Rule of 72 Calculator
Quickly estimate how long it takes for your investment to double.
Understanding the Rule of 72
The Rule of 72 is one of the most useful mental math shortcuts in personal finance. Instead of reaching for a complex compound interest calculator, you can instantly estimate how long it will take for an investment to double in value at a given fixed annual rate of interest.
How to Use the Rule
The calculation is surprisingly simple: divide the number 72 by your expected annual interest rate.
For example, if you invest your money in an index fund that returns an average of 8% per year, you simply divide 72 by 8. The result is 9, meaning your money will double approximately every 9 years. If you start with $10,000, you will have $20,000 in 9 years, $40,000 in 18 years, and $80,000 in 27 years.
Why Does the Rule Work?
The Rule of 72 is an approximation derived from the mathematical formula for compound interest, which involves logarithms.

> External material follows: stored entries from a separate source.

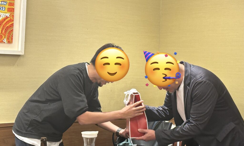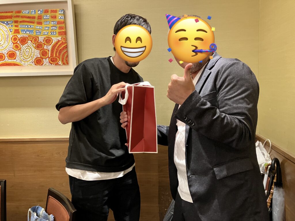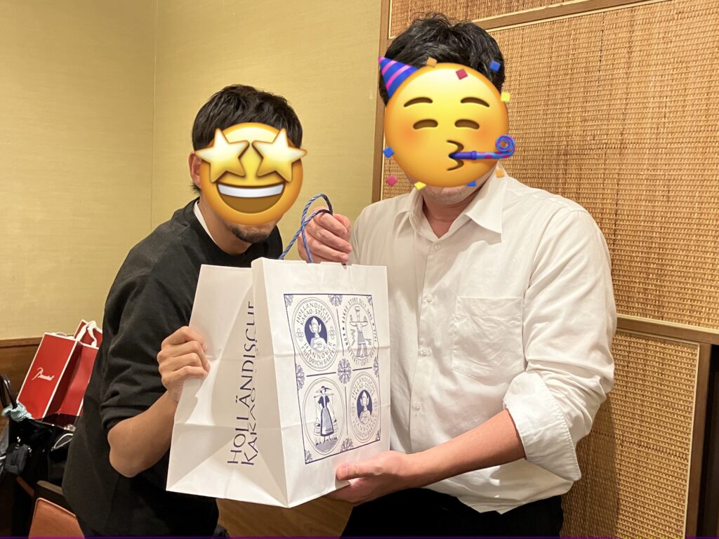 誕生月のスタッフ写真を見返すと、なぜかどのカットにも統括部長の姿が…今回もその存在感で会を盛り上げてくれました(笑)。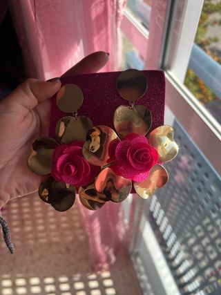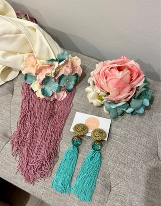 Conjunto de complementos de flamenca de la marca Conchi Alcaraz. Piezas únicas para lucir en ferias y romerías. - Pendientes grandes con aros dorados. - Detalle de piedras rojas y rosas. - ramilletes florales -broches para mantón Los ramilletes valorados en 20€ aprox se venden a 15€ la unidad y los pendientes valorados en 15-20€ se venden a 12€ el par.
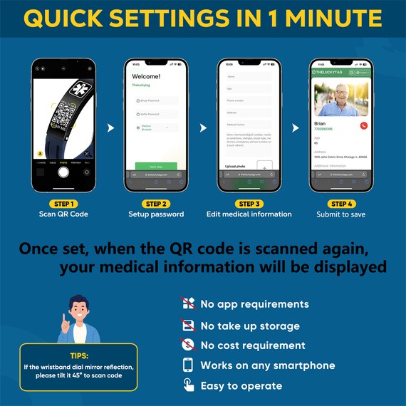 Ses dimensions précises garantissent un maintien sûr pendant le sport, les activités en extérieur et le quotidien sans glisser. 2、Matériau : Fabriqué en acier inoxydable durable, ce bracelet résiste aux rayures et à la corrosion. Bracelet d'identification médicale en acier inoxydable | Groupon Shopping OWO edical Custo Gravé Silicone Réglable Sport No ID... 4、Emballage : Chaque bracelet est livré avec une carte médicale d’urgence et une pochette en velours douce pour un rangement sécurisé. Bracelet médical personnalisé Bracelets d'alerte médicale personnalisés Enregistrer un code QR pour le passe de mobilité Sécurité Bracelet en silicone Cet emballage pratique protège le bracelet pendant l’expédition et offre un moyen organisé de le conserver, assurant son parfait état. Son design élégant, sa praticité et son confort en font un cadeau réfléchi pour le quotidien, le sport, le fitness ou les activités de plein air. Bracelet Alerte Médicale Bracelets D'alerte Médicale QR Code Pour Hommes Et Femmes Enfants Accessoire Sécurité Quotidien La combinaison de robustesse et de légèreté assure une utilisation longue durée et un port confortable lors de diverses activités sans irritation. Bracelet Médical Sauveur – Protège dans les Moments Critiques Sa conception étanche et légère le rend adapté à un usage quotidien, à la course, au fitness et aux voyages, tout en conservant une esthétique moderne et minimaliste.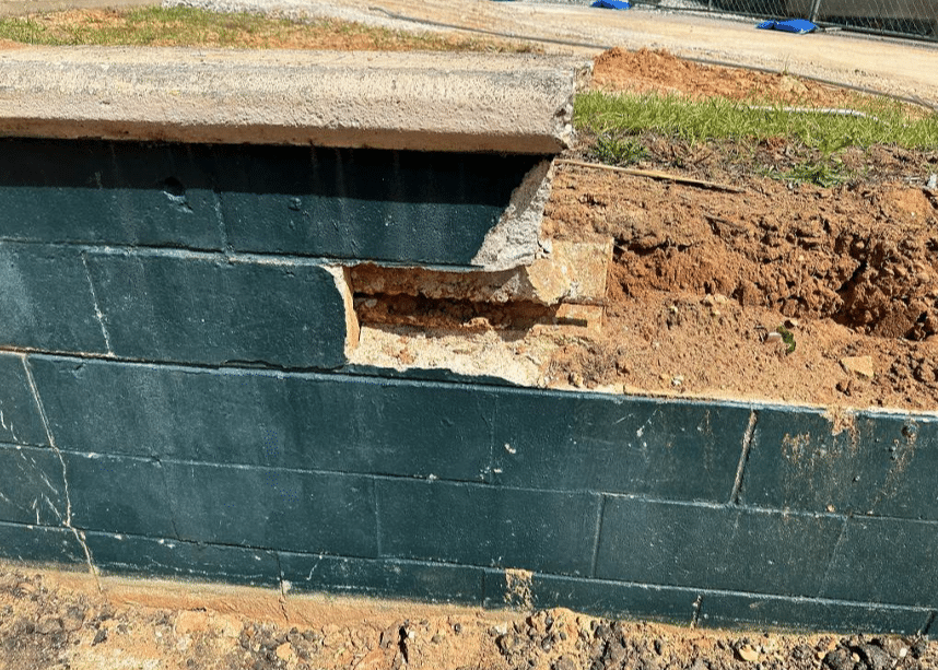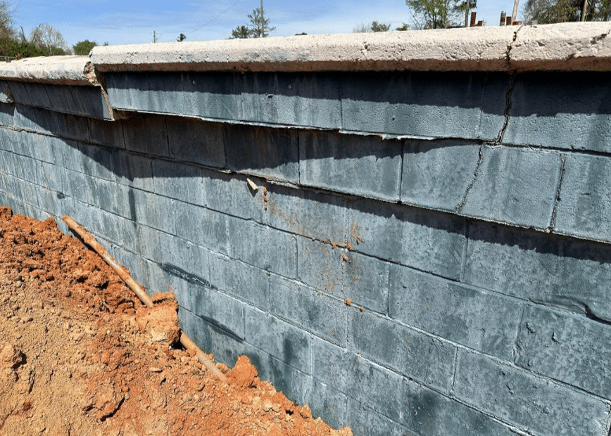 Following a structural analysis of the wall, Day Structures found its overall condition to be poor and unstable due to excessive outward rotation, water buildup behind the walls, cracking in the mortar joints, and displacement at the base of the walls.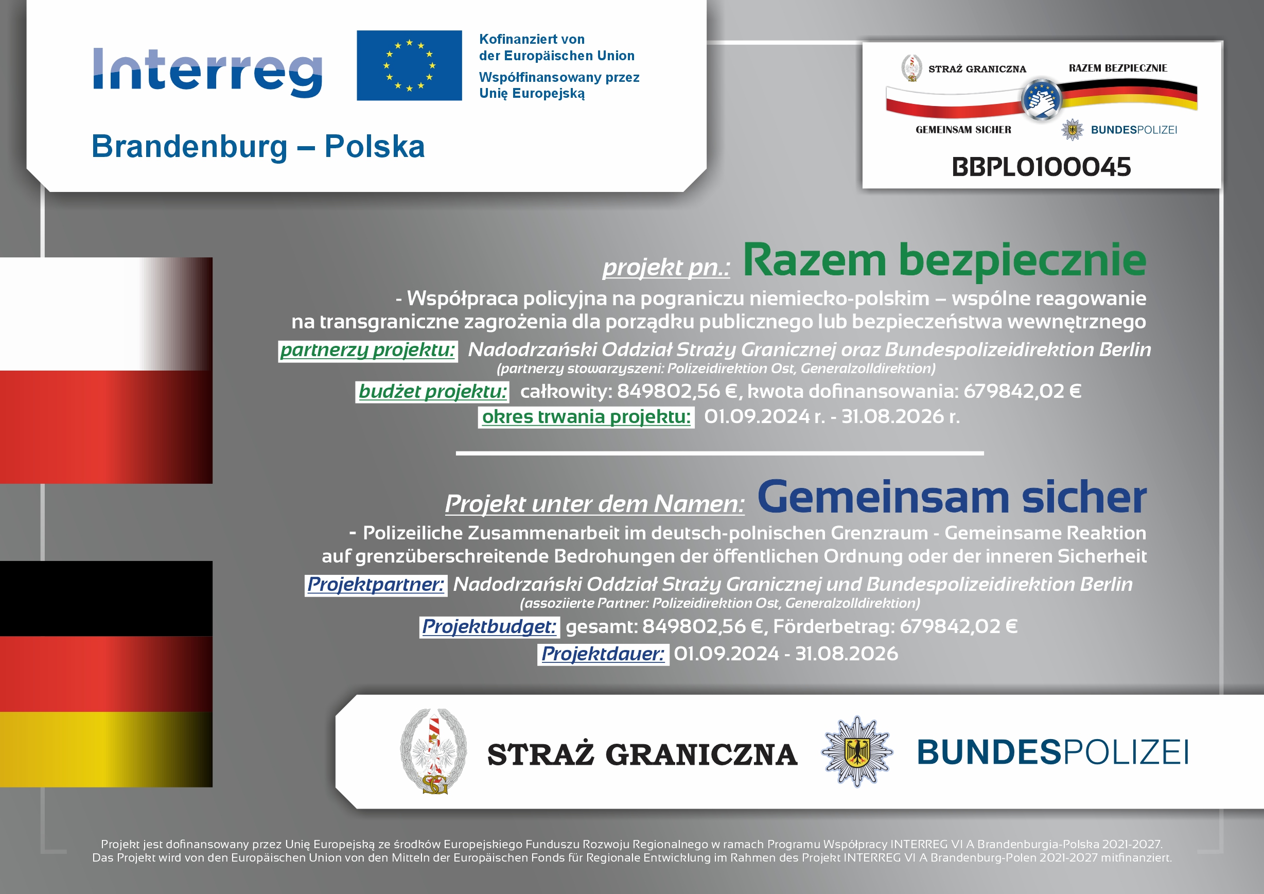 Dzięki współpracy z Zarządem Oddziałowym NoOSG oraz środkom z projektu: Razem bezpiecznie - Współpraca policyjna na pograniczu niemiecko-polskim - wspólne reagowanie na transgraniczne zagrożenia dla porządku publicznego lub bezpieczeństwa wewnętrznego - współfinansowany przez Unię Europejską ze środków Europejskiego Funduszu Rozwoju Regionalnego w ramach Programu Współpracy INTERREG VI A Brandenburgia-Polska 2021 – 2027, organizatorzy zapewnili profesjonalną oprawę oraz odpowiednie warunki do rywalizacji, gwarantując tym samym sukces tej sportowej imprezy.

The actual mathematical constant required to find the doubling time is closer to 69.3 (because the natural logarithm of 2 is approximately 0.693).
So why do we use 72? Simply put, 72 is much easier to divide in your head. It is divisible by many common numbers including 2, 3, 4, 6, 8, 9, and 12. Using 72 provides a close enough estimate for practical, everyday financial planning without needing a calculator.
The Rule of 72 and Inflation
While investors use the Rule of 72 to calculate wealth growth, it can equally be used to calculate wealth destruction via inflation. If you want to know how long it will take for your money to lose half its purchasing power, divide 72 by the annual inflation rate.
For instance, at a sustained 3% inflation rate, the purchasing power of your cash will be cut in half in 24 years (72 ÷ 3 = 24). This stark reality highlights the critical importance of investing your money rather than simply holding it in a low-interest checking account.
Frequently Asked Questions
What is the Rule of 72?
The Rule of 72 is a quick mental math shortcut used to estimate how long it takes for an investment to double in value given a fixed annual rate of interest. You simply divide the number 72 by the annual rate of return.
How accurate is the Rule of 72?
It is highly accurate for interest rates between 6% and 10%. For much higher or lower rates, it becomes slightly less precise, but remains an excellent rough estimate for quick financial planning.
Can the Rule of 72 be used for inflation?
Yes. If you divide 72 by the annual inflation rate, it tells you approximately how many years it will take for the purchasing power of your money to be cut in half.
Why do we use 72 instead of 69 or 70?
The actual mathematical constant derived from logarithms is closer to 69.3. However, 72 is used because it has many handy divisors (1, 2, 3, 4, 6, 8, 9, 12, etc.), making it much easier to calculate in your head.
What is the formula for the Rule of 72?
The formula is simple: Years to Double = 72 / Annual Interest Rate. For example, at an 8% return, it takes 72 / 8 = 9 years to double your money.